» To do
A word-for-word reproduction of the data below is needed, with no pictures in it.

» Data below
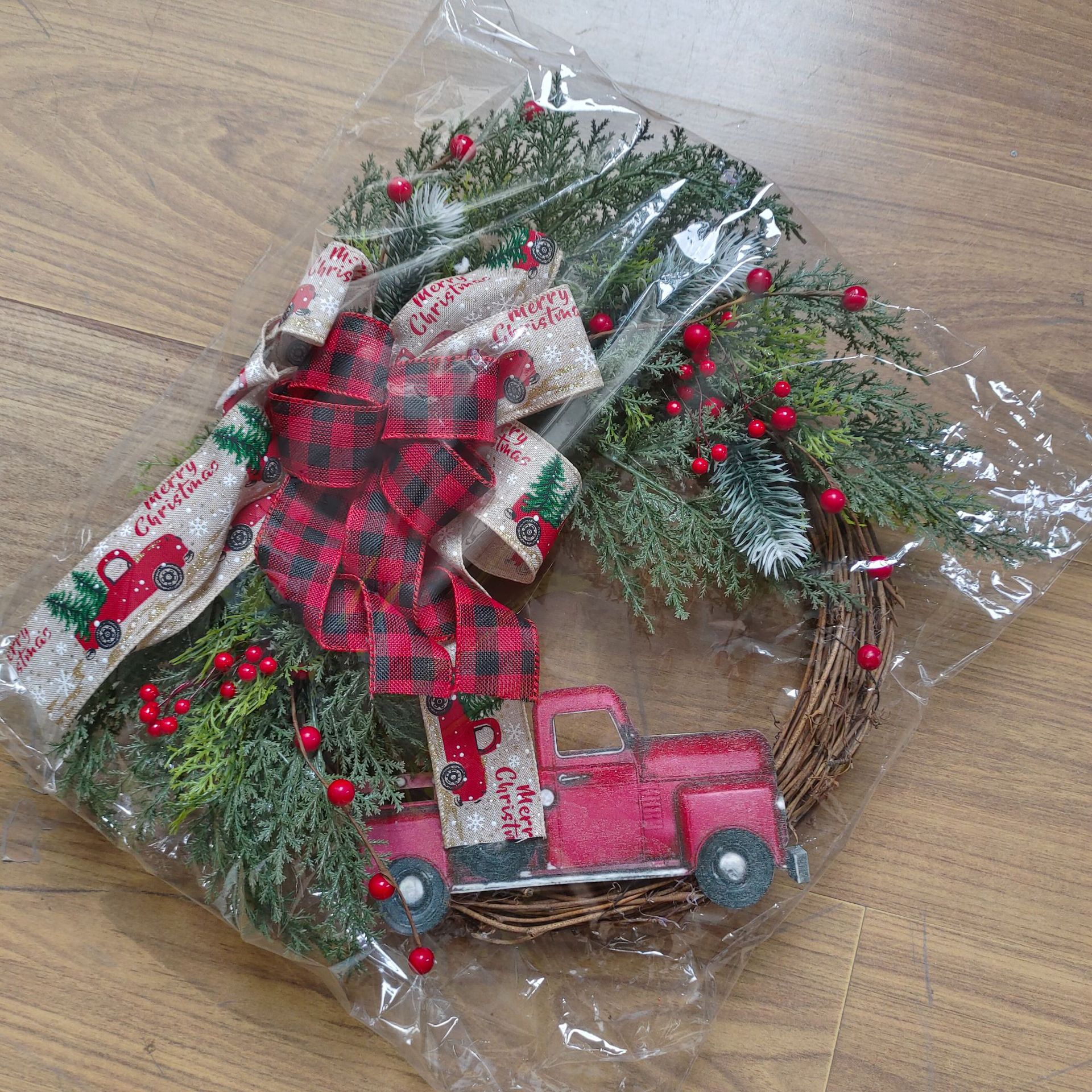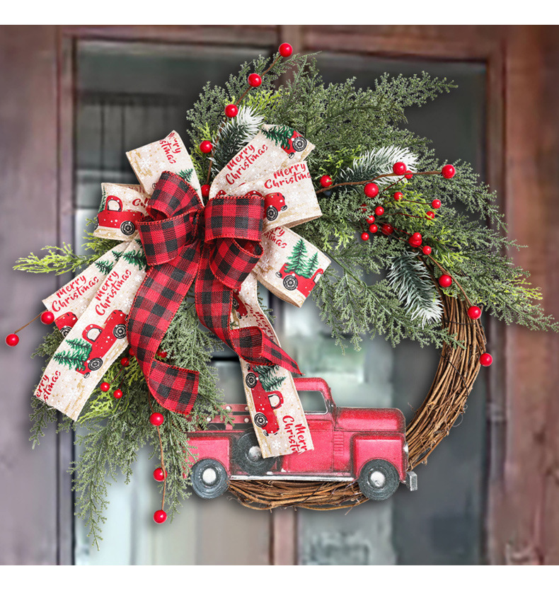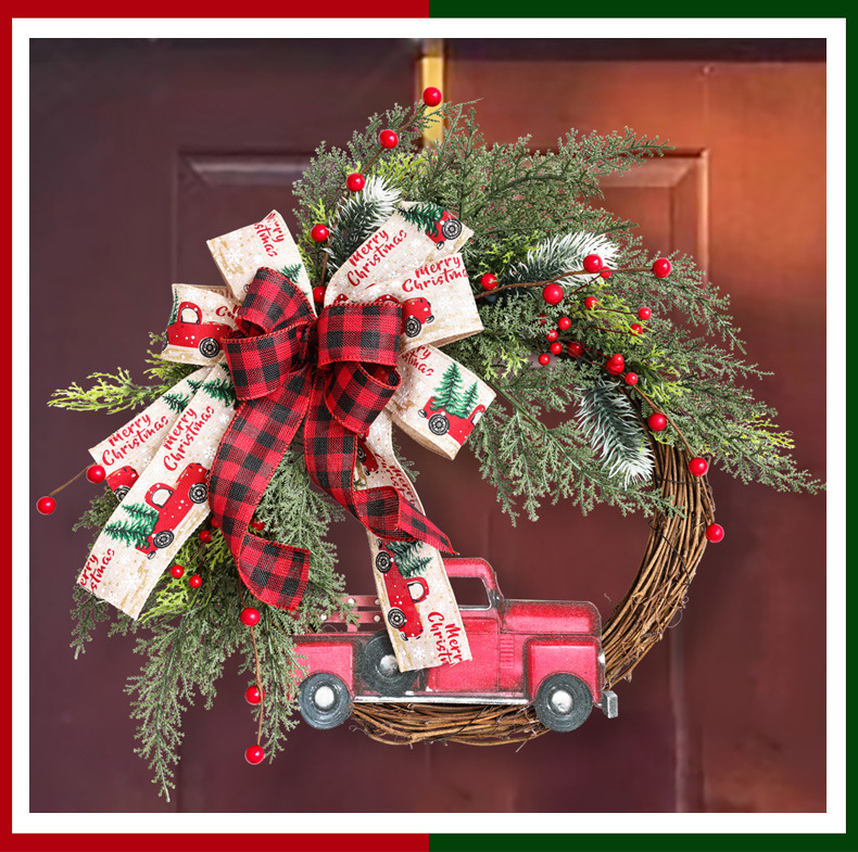 Transfronterizo camión rojo guirnalda de Navidad decoración puerta colgante Amazon simulación guirnalda hogar Decoración guirnalda
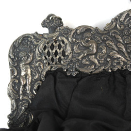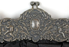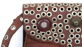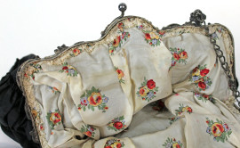 Lotto di due borsette a tracolla, di cui una in tela con fodera interna a motivi floreali e chiusura in argento ed una in cuoio con dettagli traforati, lunghezza max cm 63, (difetti e segni di utilizzo).
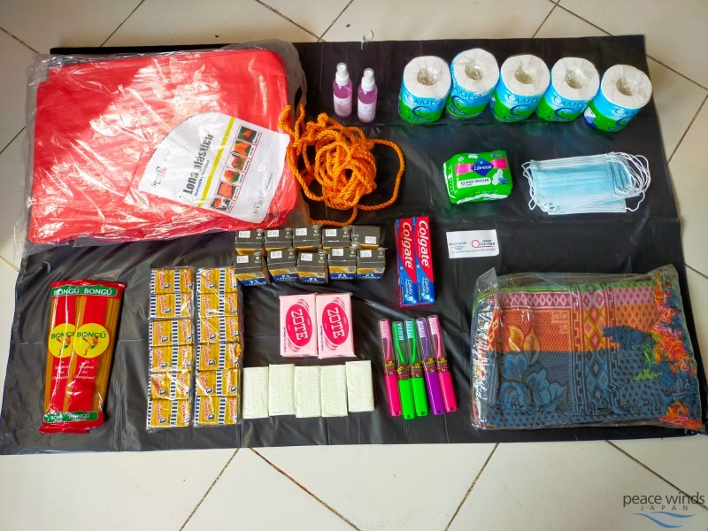 PWJはJPFからの助成による緊急初動調査中に、支援物資が行き届いていないトーベック地域で、地震により負傷または障害を持つことになった方を主な対象に、200世帯分の生活物資の配布を行いました。緊急物資キットは、ターポリン(ブルーシート)、ロープ、ブランケット、衛生用品(石鹸、洗濯石鹸、トイレットペーパー、歯ブラシ、歯磨き粉、生理用品、マスク、消毒液)、ミルク、スパゲッティー、ビスケットです。緊急物資の袋詰め作業には、被災者でもあるボランティアの女性達が協力してくれました。物資配布当日も、住民へ配布するお手伝いをしてくれました。

» Solution to this exercise
 Transfronterizo camión rojo guirnalda de Navidad decoración puerta colgante Amazon simulación guirnalda hogar Decoración guirnalda
 Lotto di due borsette a tracolla, di cui una in tela con fodera interna a motivi floreali e chiusura in argento ed una in cuoio con dettagli traforati, lunghezza max cm 63, (difetti e segni di utilizzo).
 PWJはJPFからの助成による緊急初動調査中に、支援物資が行き届いていないトーベック地域で、地震により負傷または障害を持つことになった方を主な対象に、200世帯分の生活物資の配布を行いました。緊急物資キットは、ターポリン(ブルーシート)、ロープ、ブランケット、衛生用品(石鹸、洗濯石鹸、トイレットペーパー、歯ブラシ、歯磨き粉、生理用品、マスク、消毒液)、ミルク、スパゲッティー、ビスケットです。緊急物資の袋詰め作業には、被災者でもあるボランティアの女性達が協力してくれました。物資配布当日も、住民へ配布するお手伝いをしてくれました。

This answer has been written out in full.